[[ Available data open ]]

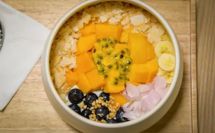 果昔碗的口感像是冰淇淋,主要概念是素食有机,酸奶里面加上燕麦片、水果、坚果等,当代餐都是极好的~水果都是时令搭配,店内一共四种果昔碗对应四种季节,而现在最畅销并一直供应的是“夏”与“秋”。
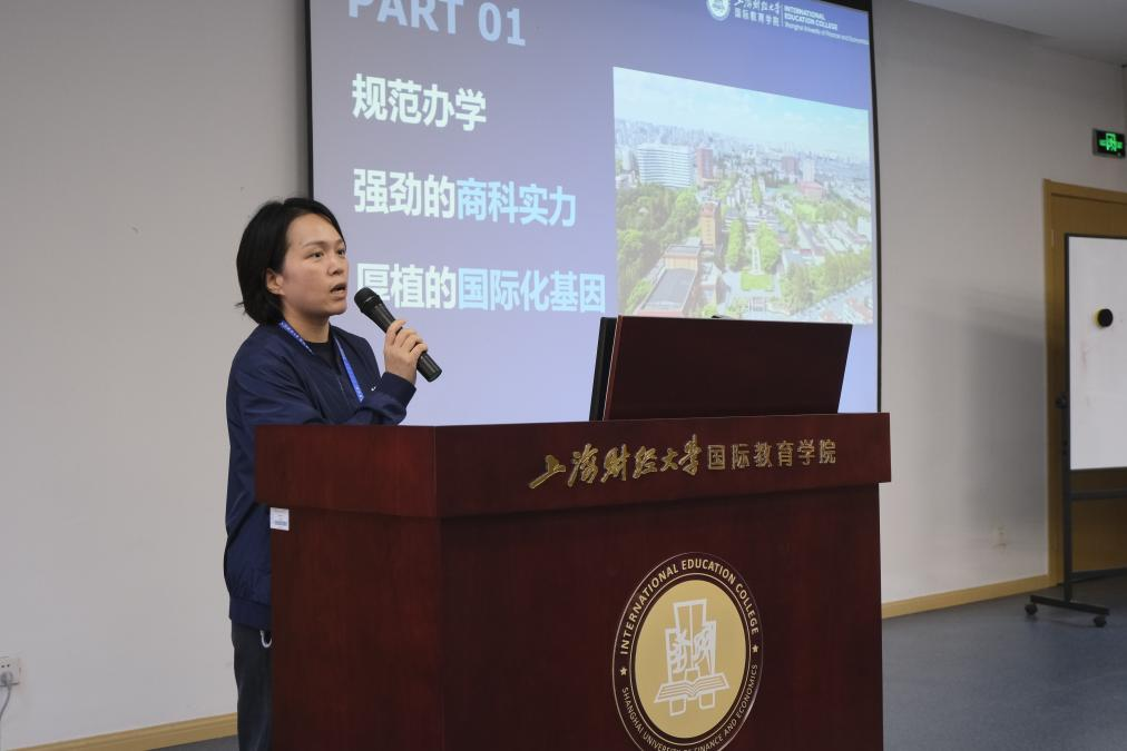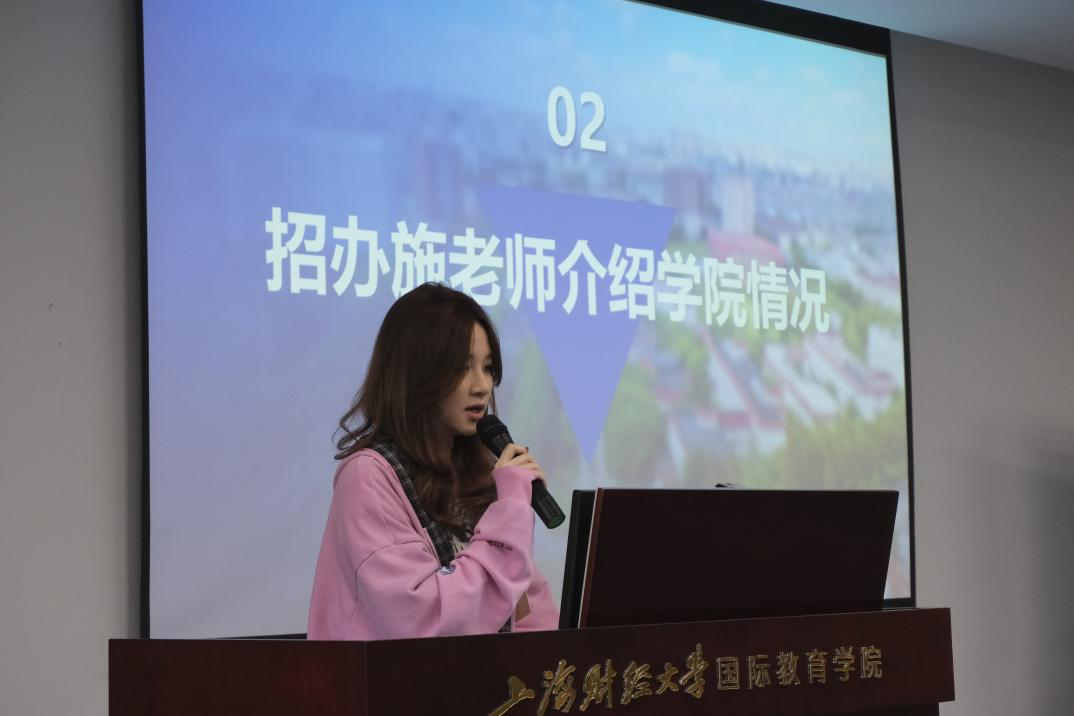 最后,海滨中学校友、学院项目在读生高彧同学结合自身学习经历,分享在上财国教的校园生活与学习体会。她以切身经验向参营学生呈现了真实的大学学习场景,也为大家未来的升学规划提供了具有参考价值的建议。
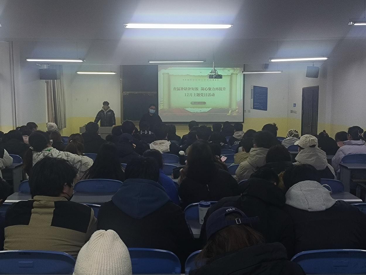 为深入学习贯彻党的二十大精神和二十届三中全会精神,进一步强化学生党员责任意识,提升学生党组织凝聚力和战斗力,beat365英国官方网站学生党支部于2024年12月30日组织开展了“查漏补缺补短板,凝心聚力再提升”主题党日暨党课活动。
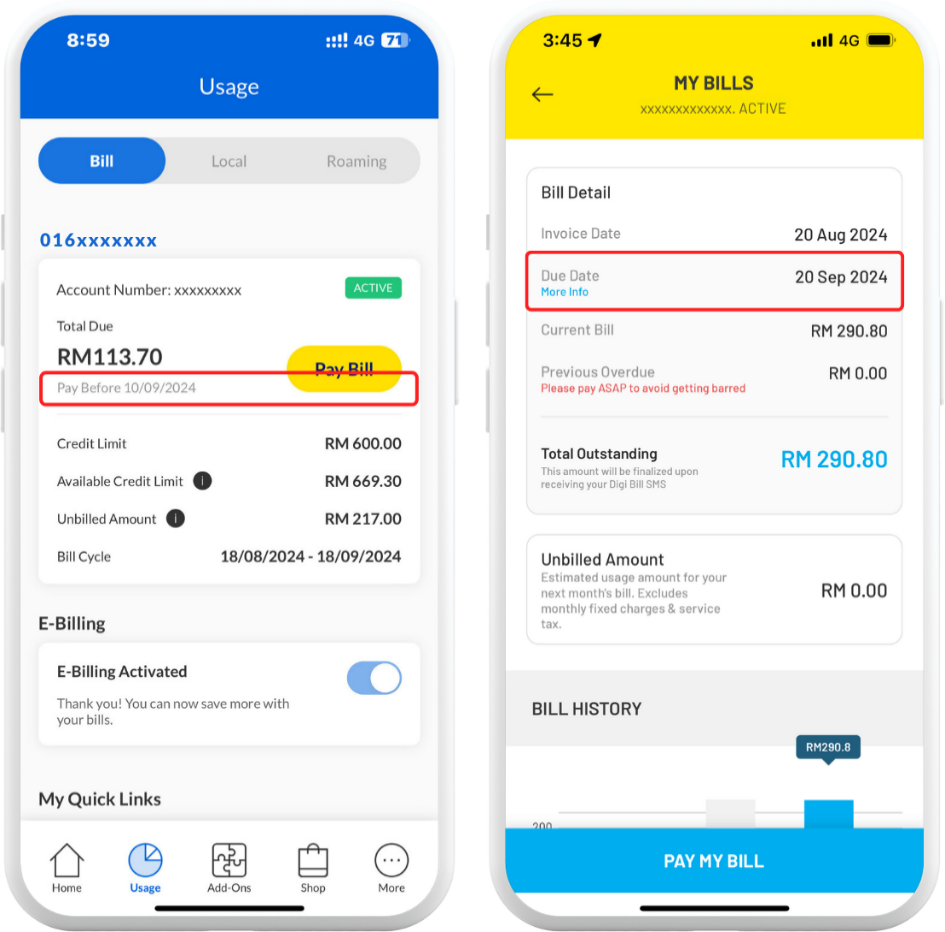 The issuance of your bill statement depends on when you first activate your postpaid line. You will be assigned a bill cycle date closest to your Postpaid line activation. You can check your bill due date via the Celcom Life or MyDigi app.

[[ Available data closed ]]

Reproduce the listing above exactly, but skip the pictures.

 果昔碗的口感像是冰淇淋,主要概念是素食有机,酸奶里面加上燕麦片、水果、坚果等,当代餐都是极好的~水果都是时令搭配,店内一共四种果昔碗对应四种季节,而现在最畅销并一直供应的是“夏”与“秋”。
 最后,海滨中学校友、学院项目在读生高彧同学结合自身学习经历,分享在上财国教的校园生活与学习体会。她以切身经验向参营学生呈现了真实的大学学习场景,也为大家未来的升学规划提供了具有参考价值的建议。
 为深入学习贯彻党的二十大精神和二十届三中全会精神,进一步强化学生党员责任意识,提升学生党组织凝聚力和战斗力,beat365英国官方网站学生党支部于2024年12月30日组织开展了“查漏补缺补短板,凝心聚力再提升”主题党日暨党课活动。
 The issuance of your bill statement depends on when you first activate your postpaid line. You will be assigned a bill cycle date closest to your Postpaid line activation. You can check your bill due date via the Celcom Life or MyDigi app.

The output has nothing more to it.